Scientific Research News | Research Progress of novel coronavirus Pneumonia (COVID-19) (XLI)

 · COVID-19 News ·

■ On March 3, Moderna's mRNA new coronavirus vaccine mRNA-16 launched a phase 1273 clinical trial in the United States, and the first volunteer to participate in the clinical trial has completed vaccination. This Phase 1 clinical trial was conducted with funding from the National Institutes of Research (NIH). mRNA-1 was developed by Moderna in collaboration with researchers at the Vaccine Research Center (VRC) of the National Institute of Allergy and Infectious Diseases (NIAID). It encodes the spike protein (S protein) in its stable form before fusion. The spike protein is a glycoprotein on the surface of coronaviruses that mediates the entry of coronaviruses into cells by binding to receptors on the cell surface. Previous studies have shown that this protein is more likely to stimulate the host's immune response.

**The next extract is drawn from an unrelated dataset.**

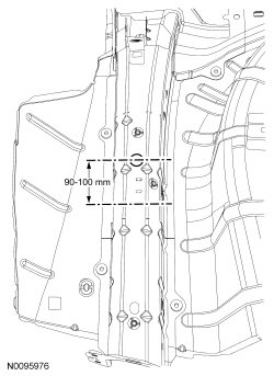 6. Locate the drain hole at the 4th convolute on the frame rail, measure and mark 90 mm (3.543 in) to 100 mm (3.937 in) rearward from the center of the drain hole and scribe a cut line.

The Phase 1 clinical trial, which aims to test the safety of mRNA-1273 and explore vaccine doses that may trigger an effective immune response, will involve 45 young, healthy volunteers receiving mRNA vaccines at doses of 25 μg, 100 μg, or 250 μg. Volunteers will receive two vaccinations, 28 days apart, and after the second vaccination, they will be followed up for 12 months. Currently, Moderna is actively preparing for a potential Phase 2 clinical trial.

(See: https://www.modernatx.com/modernas-work-potential-vaccine-against-covid-19)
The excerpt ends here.